▶ [Data to use]:
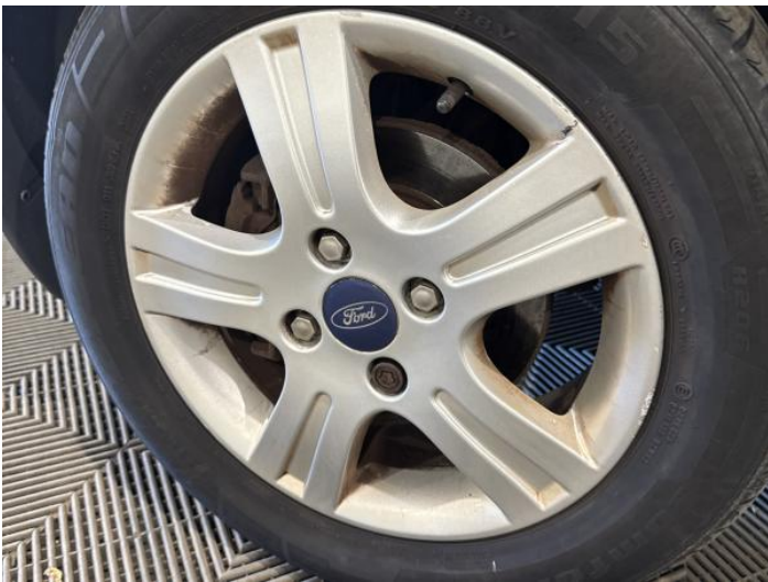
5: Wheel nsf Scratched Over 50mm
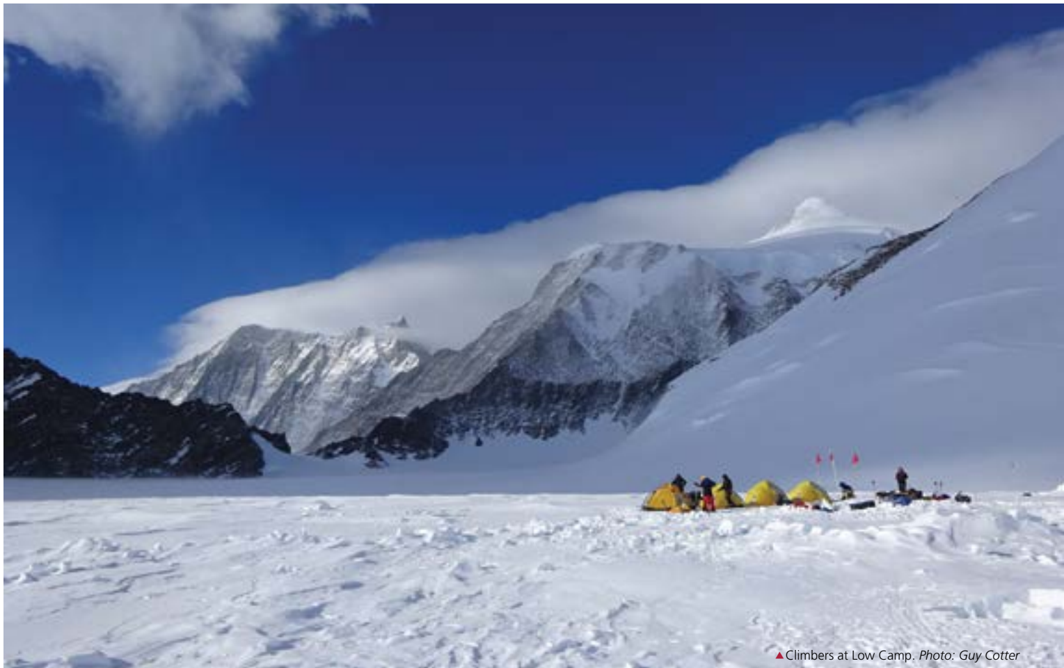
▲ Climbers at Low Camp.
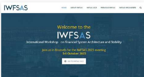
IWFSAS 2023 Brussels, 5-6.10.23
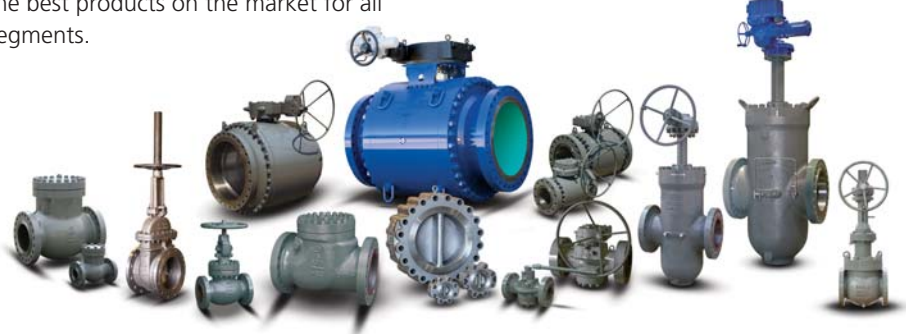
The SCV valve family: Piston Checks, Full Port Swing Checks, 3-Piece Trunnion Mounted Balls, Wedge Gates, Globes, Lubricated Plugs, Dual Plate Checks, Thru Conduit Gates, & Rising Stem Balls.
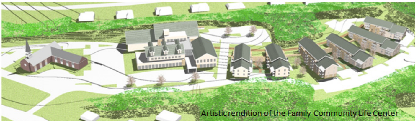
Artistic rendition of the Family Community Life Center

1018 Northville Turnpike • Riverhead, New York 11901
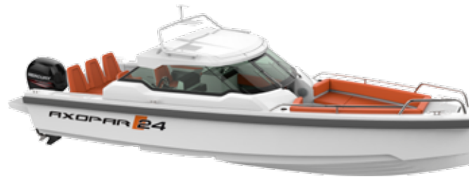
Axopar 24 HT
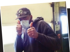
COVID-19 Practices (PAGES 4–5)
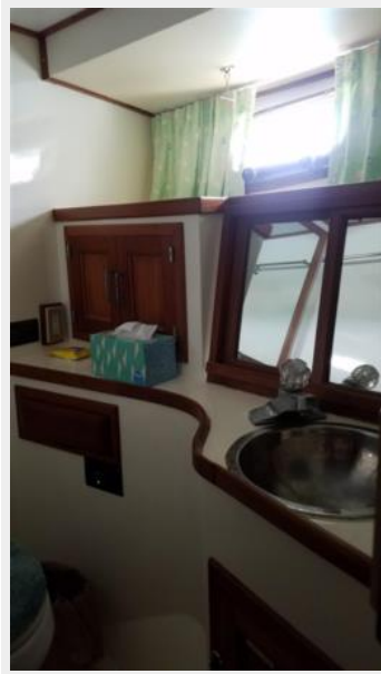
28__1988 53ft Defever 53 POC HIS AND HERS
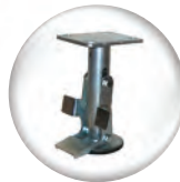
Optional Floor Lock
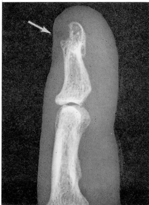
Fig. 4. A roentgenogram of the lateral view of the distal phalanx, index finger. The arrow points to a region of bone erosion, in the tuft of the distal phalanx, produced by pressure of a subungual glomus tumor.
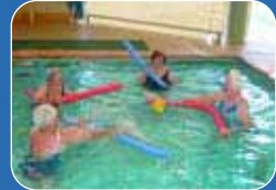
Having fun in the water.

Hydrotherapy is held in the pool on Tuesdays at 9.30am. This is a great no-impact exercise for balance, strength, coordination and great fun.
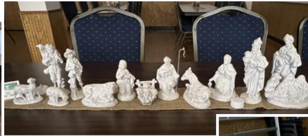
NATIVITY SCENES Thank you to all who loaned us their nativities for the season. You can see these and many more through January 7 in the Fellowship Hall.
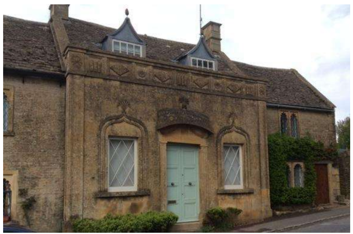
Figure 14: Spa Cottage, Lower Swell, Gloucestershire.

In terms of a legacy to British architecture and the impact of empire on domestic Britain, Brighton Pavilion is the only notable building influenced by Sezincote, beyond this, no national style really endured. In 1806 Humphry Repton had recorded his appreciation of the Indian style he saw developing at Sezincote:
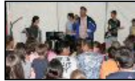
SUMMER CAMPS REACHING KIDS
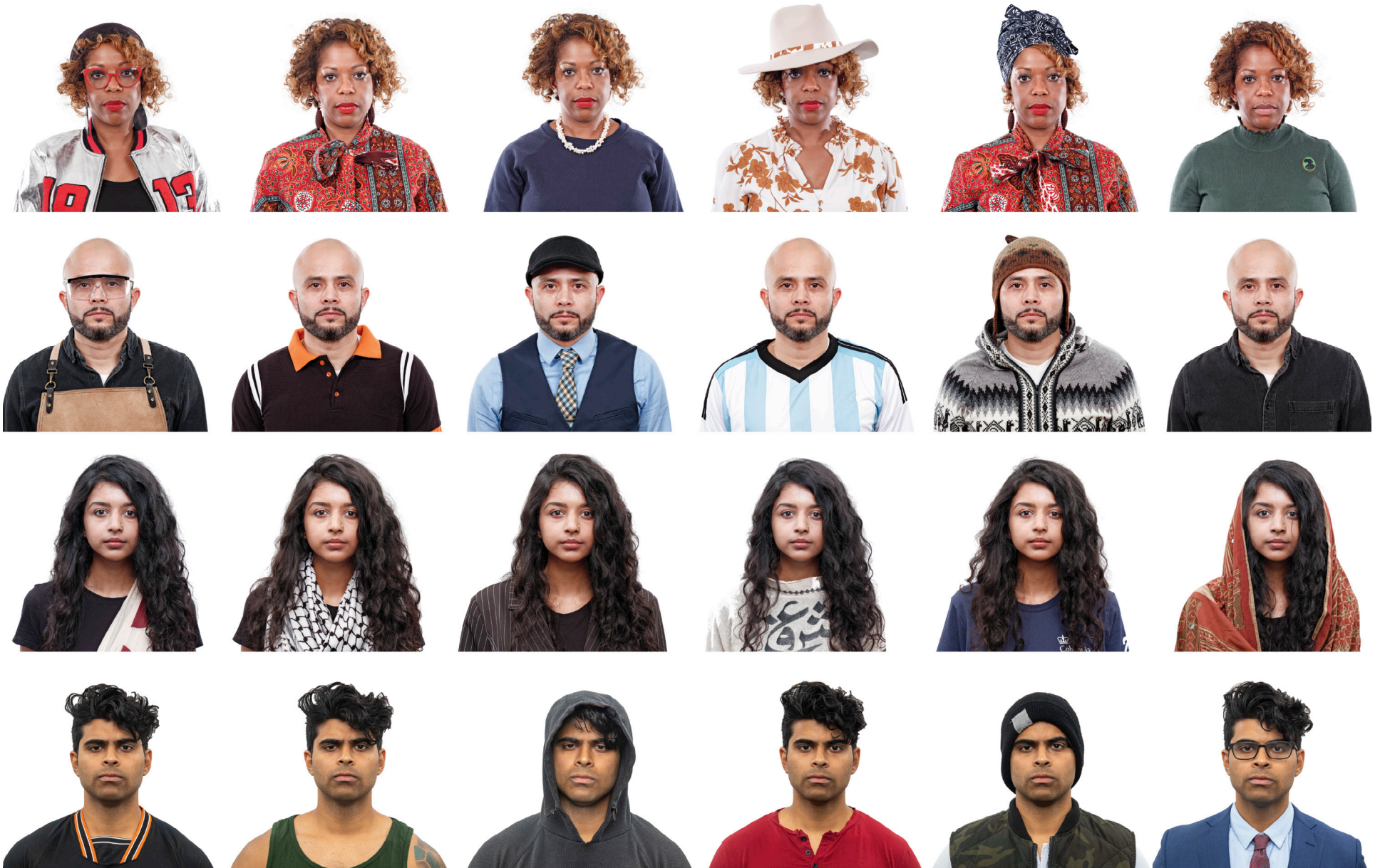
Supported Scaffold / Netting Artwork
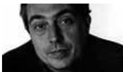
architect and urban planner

▶ [Task]: Exclude all pictures and reproduce verbatim the lines running from the line that contains "IWFSAS 2023 Brussels, 5-6.10.23" to the end of the data above, both ends included.

▶ [Task answer]:
IWFSAS 2023 Brussels, 5-6.10.23
The SCV valve family: Piston Checks, Full Port Swing Checks, 3-Piece Trunnion Mounted Balls, Wedge Gates, Globes, Lubricated Plugs, Dual Plate Checks, Thru Conduit Gates, & Rising Stem Balls.
Artistic rendition of the Family Community Life Center

1018 Northville Turnpike • Riverhead, New York 11901
Axopar 24 HT
COVID-19 Practices (PAGES 4–5)
28__1988 53ft Defever 53 POC HIS AND HERS
Optional Floor Lock
Fig. 4. A roentgenogram of the lateral view of the distal phalanx, index finger. The arrow points to a region of bone erosion, in the tuft of the distal phalanx, produced by pressure of a subungual glomus tumor.
Having fun in the water.

Hydrotherapy is held in the pool on Tuesdays at 9.30am. This is a great no-impact exercise for balance, strength, coordination and great fun.
NATIVITY SCENES Thank you to all who loaned us their nativities for the season. You can see these and many more through January 7 in the Fellowship Hall.
Figure 14: Spa Cottage, Lower Swell, Gloucestershire.

In terms of a legacy to British architecture and the impact of empire on domestic Britain, Brighton Pavilion is the only notable building influenced by Sezincote, beyond this, no national style really endured. In 1806 Humphry Repton had recorded his appreciation of the Indian style he saw developing at Sezincote:
SUMMER CAMPS REACHING KIDS
Supported Scaffold / Netting Artwork
architect and urban planner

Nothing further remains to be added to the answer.